A Spanish judge on Monday halted his controversial order to temporarily suspend messaging app Telegram in the country pending a police report on the company (see original report below).

The judge requested more information on the characteristics of the app, as well as information on the impact that the temporary suspension would have on users. 

The National Court revoked the blocking of the app considering that it would be an ‘excessive and disproportionate’ measure.

Original full report below:

Spain’s High Court has ordered the temporary suspension of messaging app Telegram’s services in the country, after media companies complained that it was allowing users to upload their content without permission.

The use of Telegram in Spain will be temporarily suspended from Monday after a request by media firms including Atresmedia, EGEDA, Mediaset and Telefonica, in a case alleging violation of intellectual property.

Judge Santiago Pedraz of the Audencia Nacional agreed to block Telegram’s services in Spain while the claims are investigated. It will be the responsibility of mobile phone providers to block Telegram’s services, the court said.

The judge issued the order after officials in the Virgin Islands, where Telegram is registered as a business, failed to respond to a July 2023 court request for information.

In Friday’s order, the judge said it was the lack of cooperation that had led him to take this ‘precautionary measure’. The order met the principles of ‘necessity, appropriateness and proportionality’ he added.

‘No other measure exists that can stop a repeat of the actions denounced,’ he argued.

Consumer rights group Facua criticised the ruling as disproportionate, warning it would cause ‘enormous damage’ to millions of users of the platform.

‘It is as if they shut down the internet because there are websites that illegally host content protected by copyright,’ said Facua’s general secretary Rubén Sánchez in a statement.

Facua expects Telegram to be progressively blocked ‘in the coming hours or days’, as telecom companies are obliged to accept the court order.

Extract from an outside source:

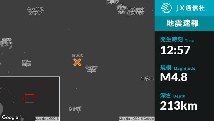 | 震源地 | トンガのNeiafuから北西146kmの地点 |

The investigation is due to last a maximum of six months, until 29 September.

Telegram, created in 2013 by Russian brothers Nikolai and Pavel Durov, is an encrypted messaging platform that also allows users to set up their own channels to broadcast content. It is the fourth most-used messaging service in Spain, according to competition watchdog CNMC. It was used by nearly 19% of Spaniards surveyed by CNMC.

The company says that in 2023 it had more than 700 million monthly active users worldwide.